Six months after the birth of Prince Bhumibol, Prince Mahidol received his MD cum laude, and returned to Thailand. He wished to do internship at Siriraj hospital, but he was not allowed, because people were uncomfortable with a prince working as an intern. So he chose another hospital with a bit more egalitarian attitude: the Farang missionary-run McCormick Hospital in Chiang Mai. His patients referred to him as “Maw Chao Fa” – the doctor prince.

The story ends – or does it?
However, three weeks in working, a tragedy happened: he had to go to Bangkok due to kidney and liver problems. He could never return to Chiang Mai. Prince Mahidol died on September 24, 1929 at Sapathum Palace.

He left an enourmous legacy to the Thai nation. Students sent abroad on his scholarships became key players in modern medicine in Thailand; teaching, establishing modern medical schools and universities all over the country.
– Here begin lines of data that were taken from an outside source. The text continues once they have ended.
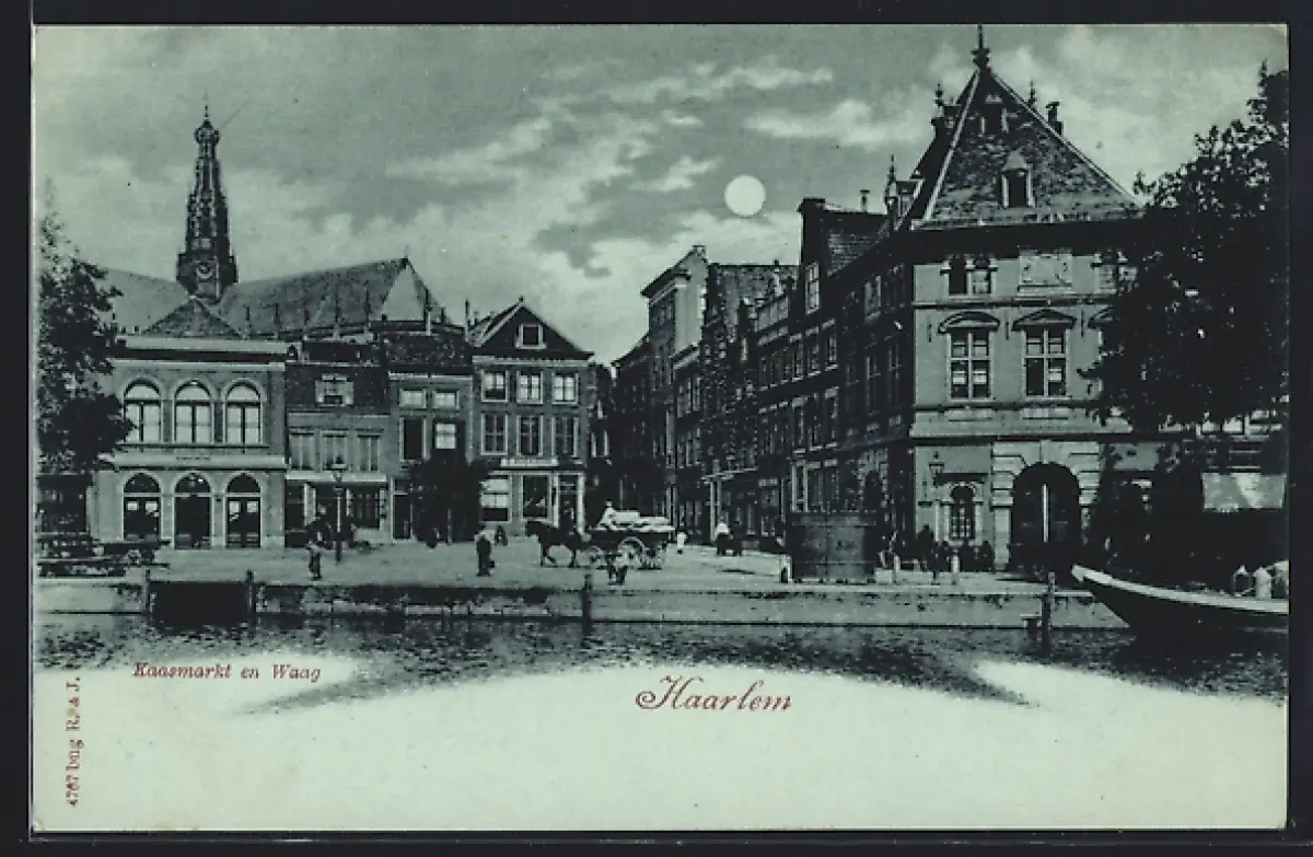 Mondschein-AK Haarlem, Kaasmarkt en Waag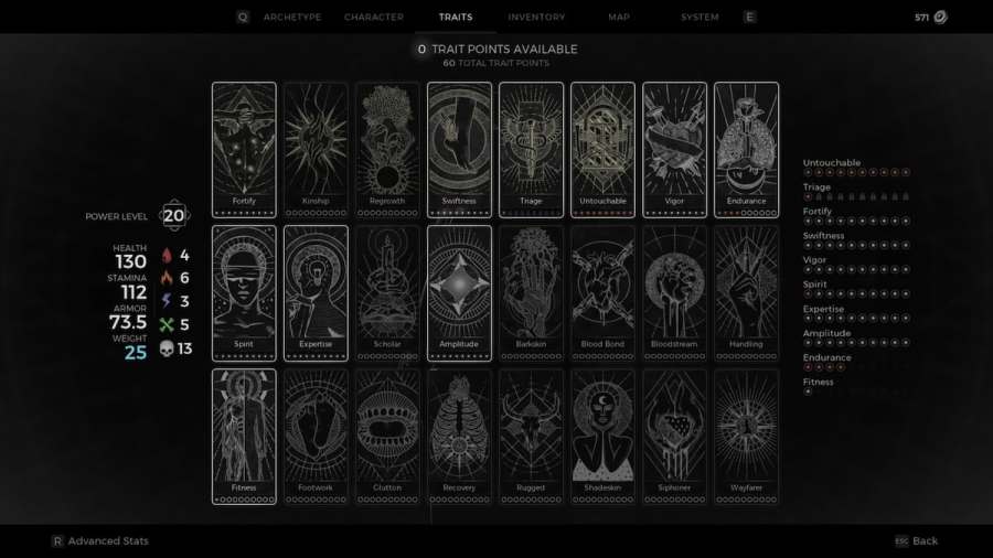 These are bread-and-butter traits and, for most builds, should be invested in to some extent. Personally, I recommend maxing out Vigor and Spirit. This next set of traits is obtainable by maxing out or playing as a specific Archetype: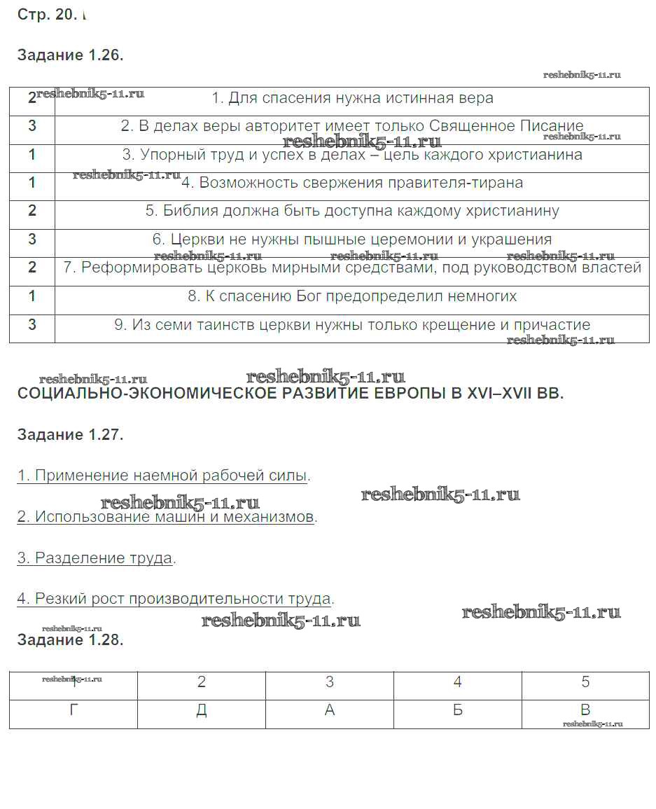 Готовая домашняя работа с ответами по Истории за 7 класс Пономарев Рабочая тетрадь УМК Экзамен 2016 ФГОС - Страницы 20
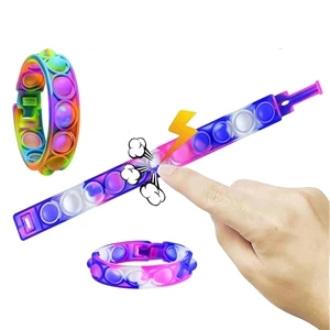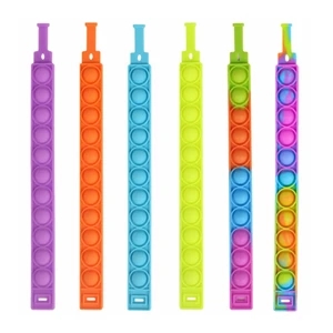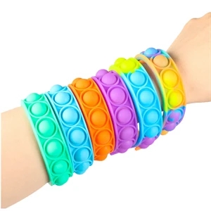 9.25" x 0.79" silicone rainbow colored bracelet with fidget toy button exterior.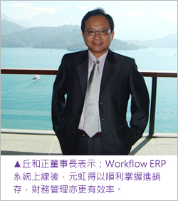 丘董事長表示:Workflow ERP系統上線後,元虹得以順利掌握進銷存及財務管理,並分享導入前後之效益: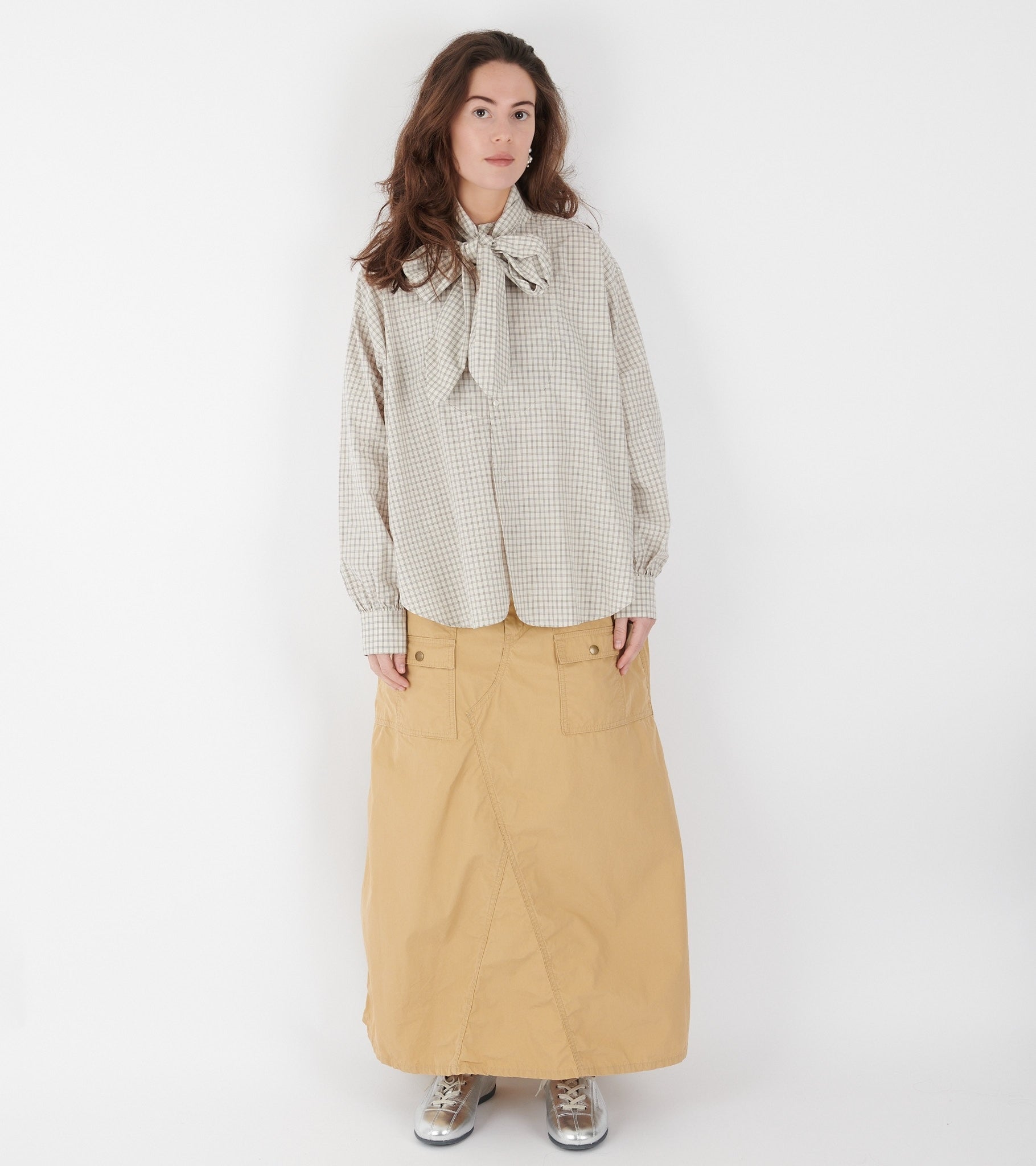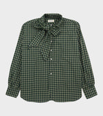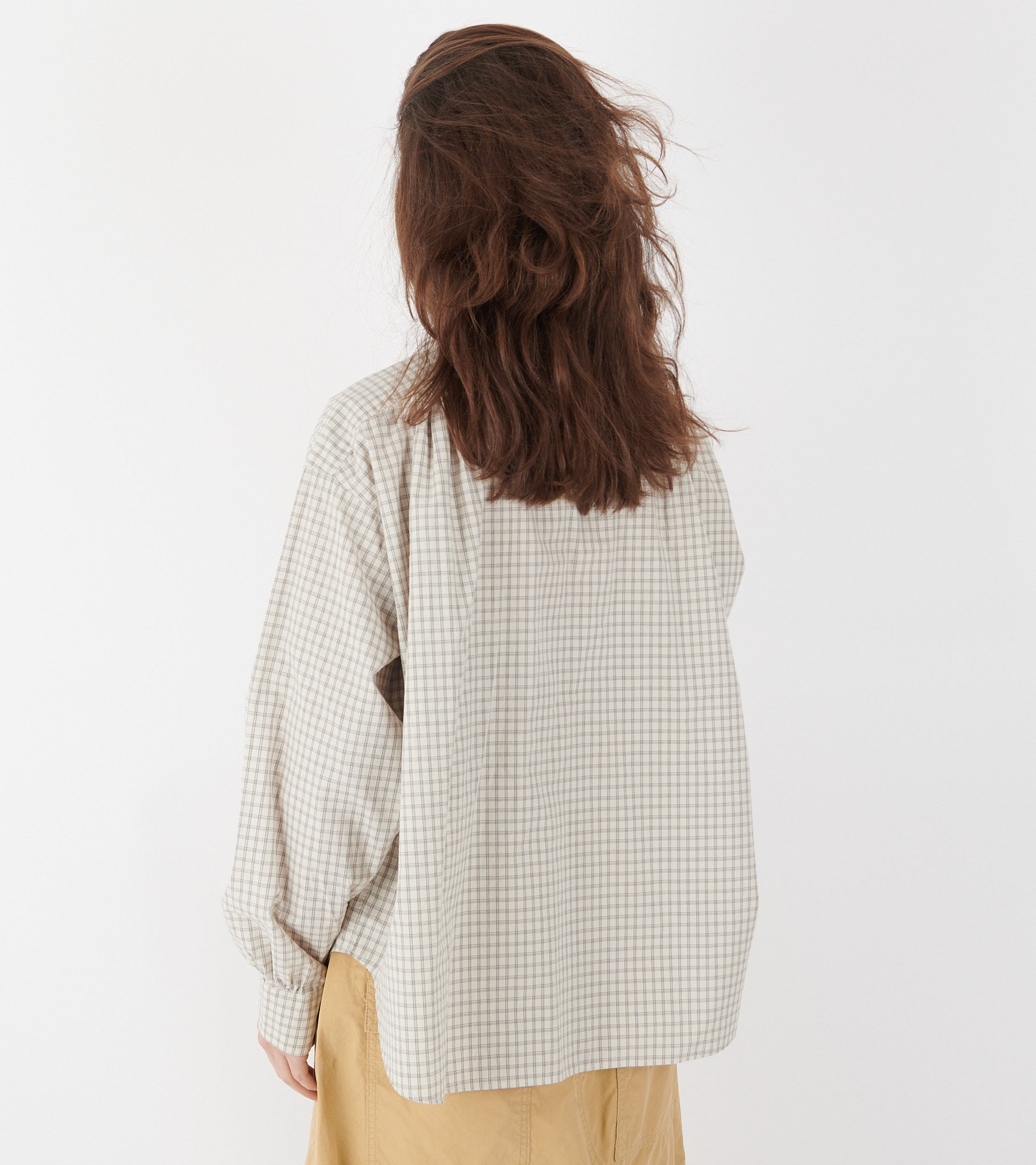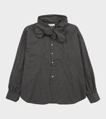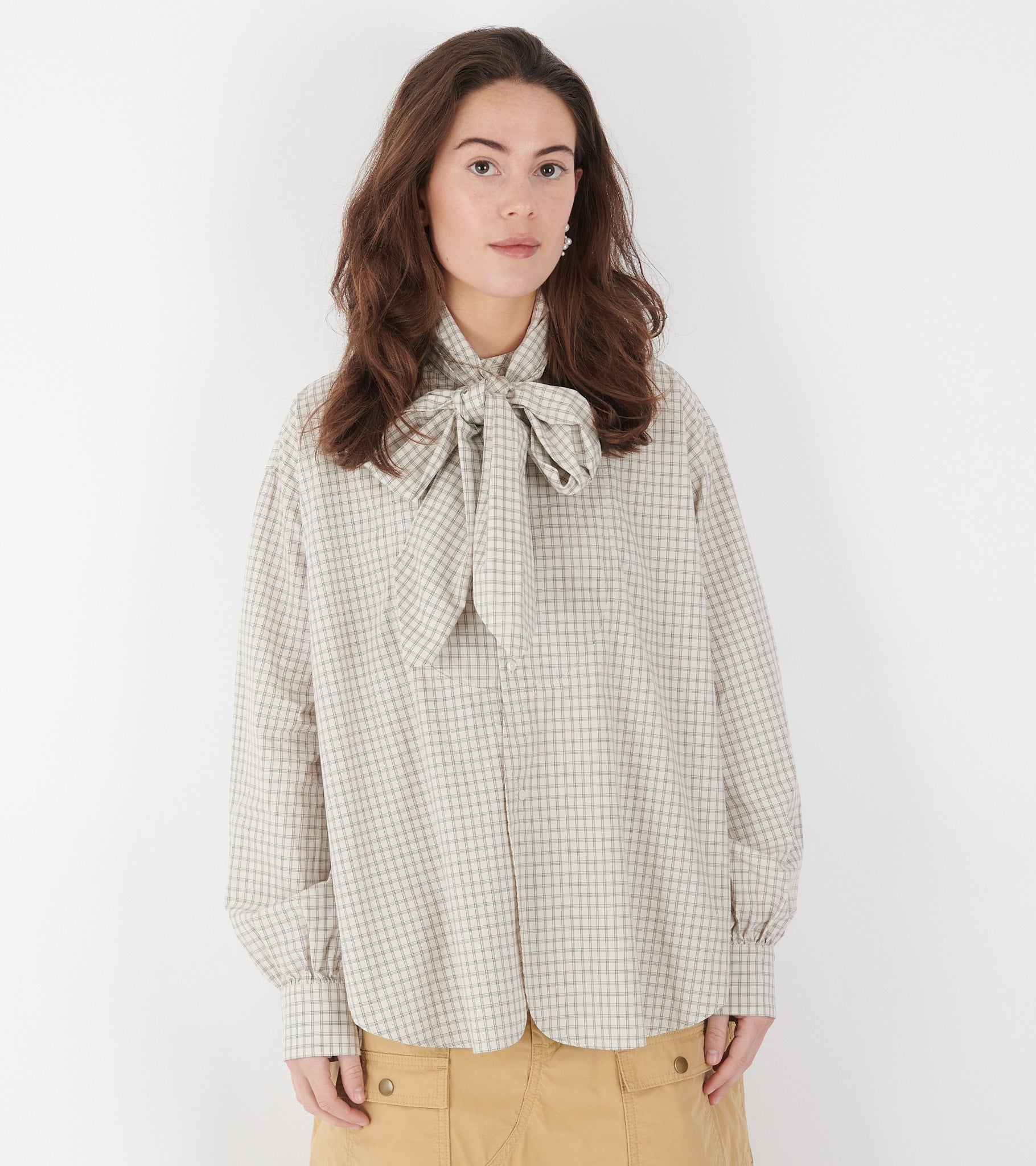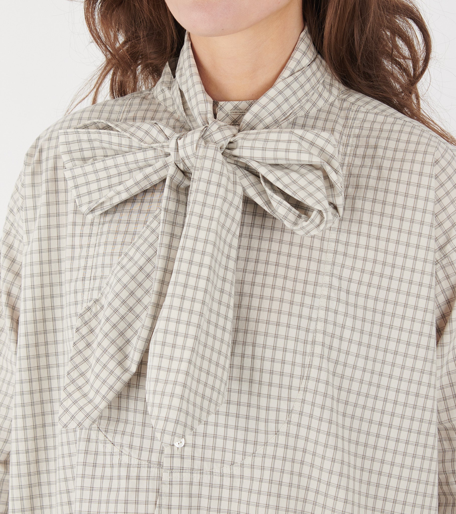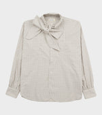 Checkered shirt in off-white with a removable tie from Beams Boy. The shirt has a round collar, a button closure and pleats at the sleeves and upper back.

Mahidol University bears his name, and regarded as one of the best medical schools in Thailand.

However, above all material heritage, is his most important legacy: his teaching of the spirit of brotherhood towards all human beings without distinction of any kind. His advice continues to impact students with the dignity and the value of life: “I do not wish you to be only a doctor, but I also want you to be a human being”


Thanks for reading. I’ll be back with Mahidol’s Day stories from CMU, soon. Until then, you can get more details of the story of the doctor prince from the sources I used for this blog. The most extensive one, with pretty pictures and comments from important people is found on the Bangkok Post page. Interesting insights and small details are provided in a piece titled The Royal Father of His Majesty the King, by the Royal Thai Embassy, Washington DC.

However, you have to be careful. Bear in mind that we are reading about Thai monarchy here; truth is likely to be colored pink, reality being distorted, to paint the person in a better light. My advice: read many sources and compare them to get a better idea of the story. I found a source that I think is as reliable and censor-free as it gets: Mahidol Adulyadej on Wikipedia.